TASK INPUTS:
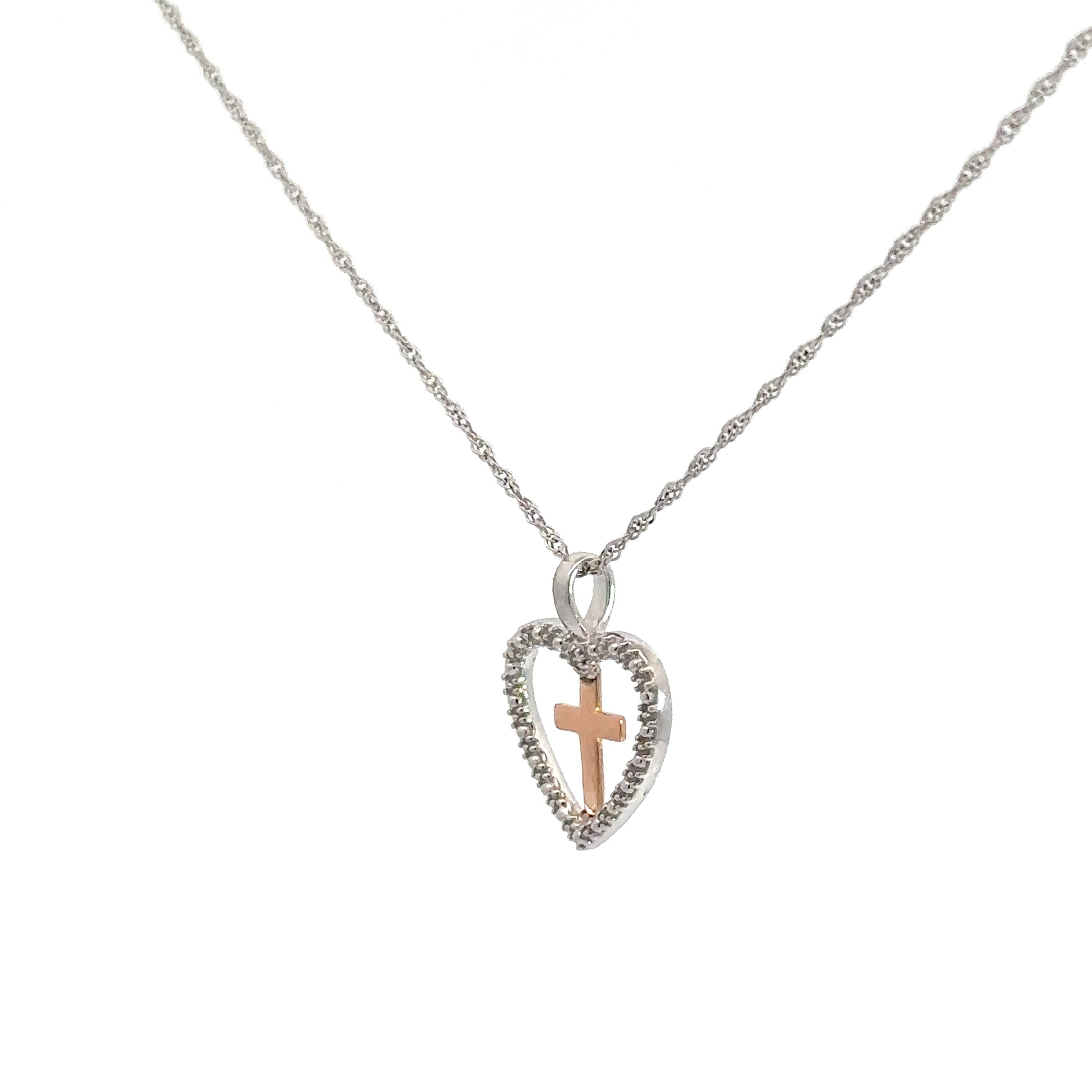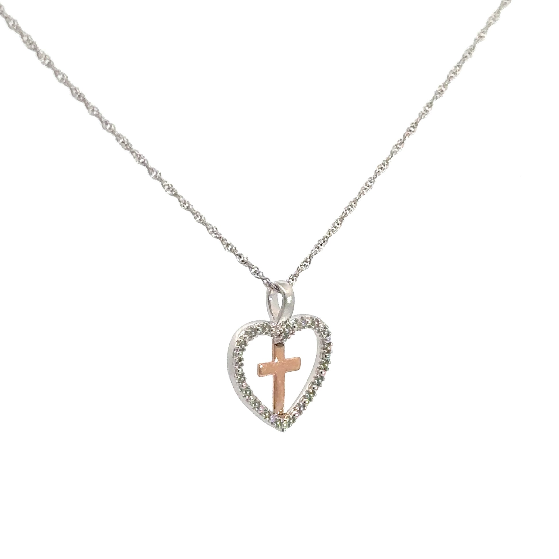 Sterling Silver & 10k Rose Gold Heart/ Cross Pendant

--

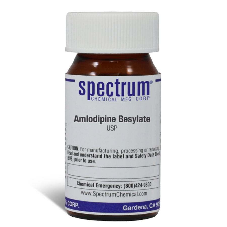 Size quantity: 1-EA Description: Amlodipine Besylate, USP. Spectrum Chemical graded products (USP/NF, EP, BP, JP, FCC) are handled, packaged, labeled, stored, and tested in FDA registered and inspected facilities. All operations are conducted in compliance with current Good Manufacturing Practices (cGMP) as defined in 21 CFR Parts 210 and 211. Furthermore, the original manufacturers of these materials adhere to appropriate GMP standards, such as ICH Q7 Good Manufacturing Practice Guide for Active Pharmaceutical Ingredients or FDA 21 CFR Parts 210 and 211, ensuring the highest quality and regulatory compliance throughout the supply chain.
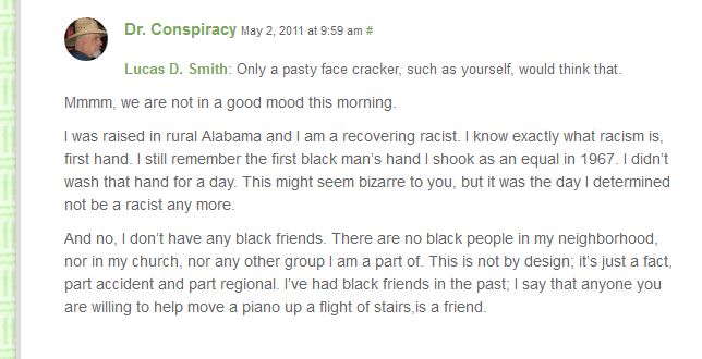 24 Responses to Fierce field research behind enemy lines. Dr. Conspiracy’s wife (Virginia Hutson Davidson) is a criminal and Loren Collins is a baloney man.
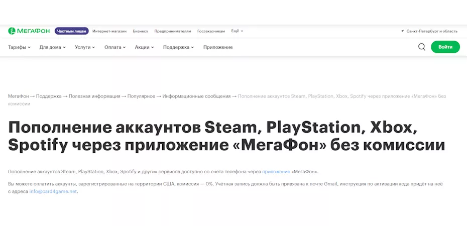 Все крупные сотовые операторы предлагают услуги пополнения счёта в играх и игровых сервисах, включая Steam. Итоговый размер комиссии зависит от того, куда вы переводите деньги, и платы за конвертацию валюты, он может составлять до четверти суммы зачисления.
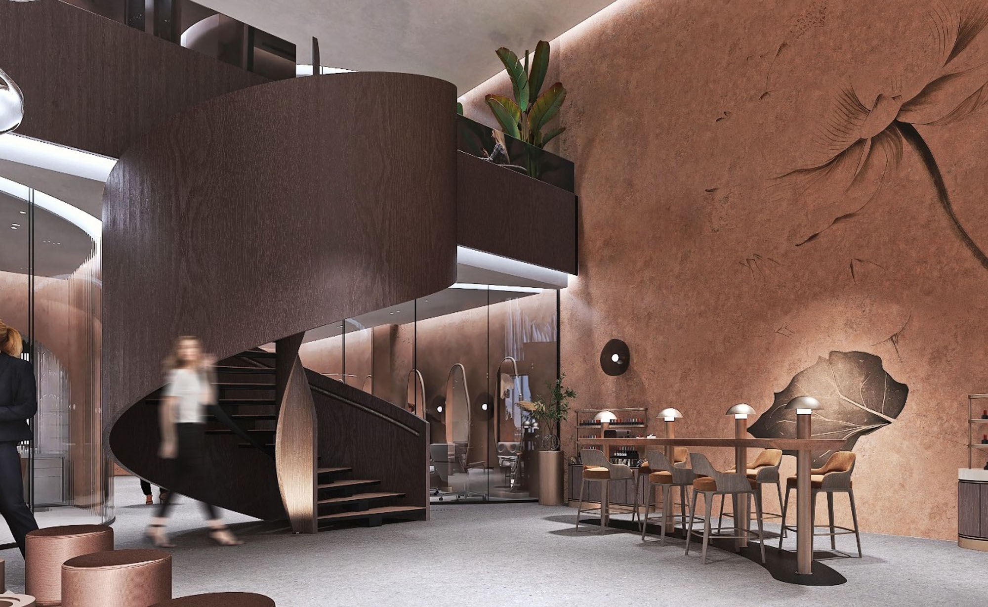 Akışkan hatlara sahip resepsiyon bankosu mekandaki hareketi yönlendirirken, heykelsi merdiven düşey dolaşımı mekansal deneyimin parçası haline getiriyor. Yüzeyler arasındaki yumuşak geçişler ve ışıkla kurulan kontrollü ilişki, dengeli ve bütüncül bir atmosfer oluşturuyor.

==

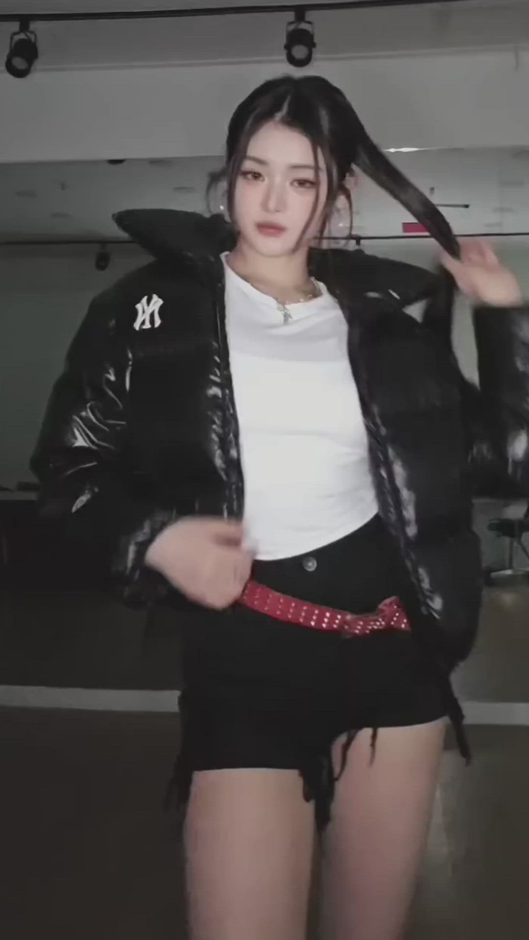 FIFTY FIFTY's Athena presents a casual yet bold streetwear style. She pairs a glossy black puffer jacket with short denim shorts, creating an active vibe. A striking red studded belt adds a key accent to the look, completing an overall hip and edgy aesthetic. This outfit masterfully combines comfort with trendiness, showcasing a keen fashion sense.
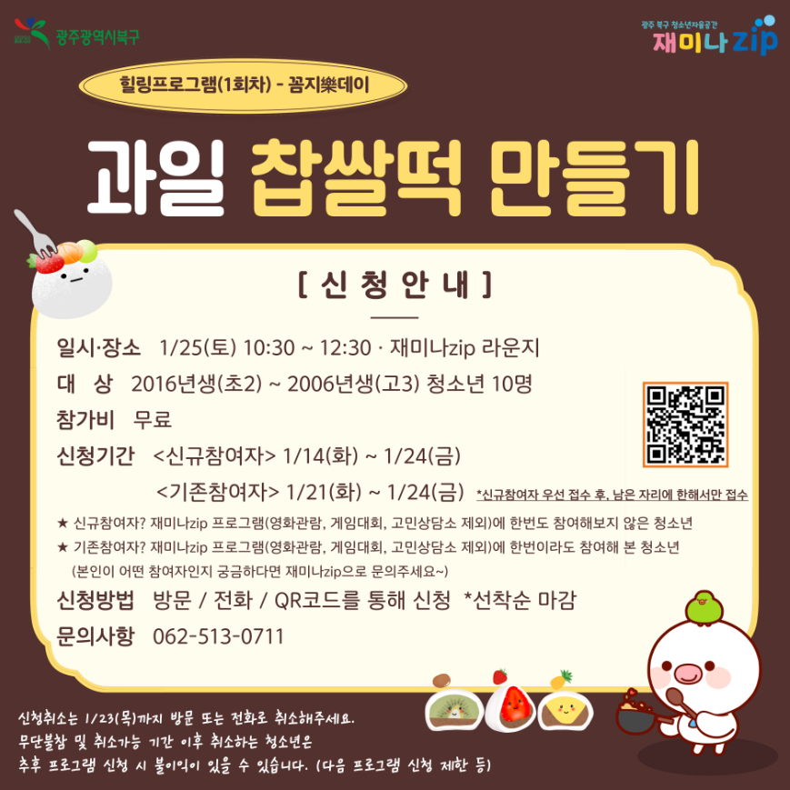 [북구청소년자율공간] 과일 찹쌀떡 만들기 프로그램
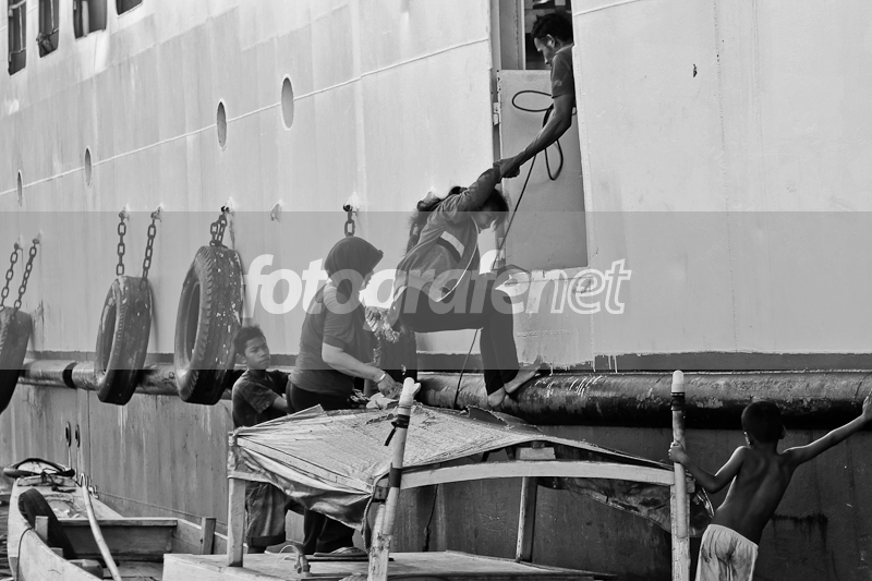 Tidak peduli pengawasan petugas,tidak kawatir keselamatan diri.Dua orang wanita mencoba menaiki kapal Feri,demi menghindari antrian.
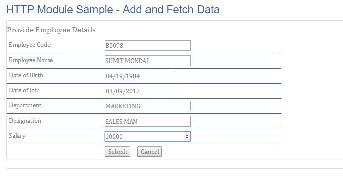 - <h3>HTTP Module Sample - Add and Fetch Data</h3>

REQUIREMENT: Word for word, restate the lines above from the one with "FIFTY FIFTY's Athena" through the one with "[북구청소년자율공간] 과일 찹쌀떡 만들기 프로그램", keeping both ends and dropping the pictures.

ANSWER TO THIS EXERCISE:
 FIFTY FIFTY's Athena presents a casual yet bold streetwear style. She pairs a glossy black puffer jacket with short denim shorts, creating an active vibe. A striking red studded belt adds a key accent to the look, completing an overall hip and edgy aesthetic. This outfit masterfully combines comfort with trendiness, showcasing a keen fashion sense.
 [북구청소년자율공간] 과일 찹쌀떡 만들기 프로그램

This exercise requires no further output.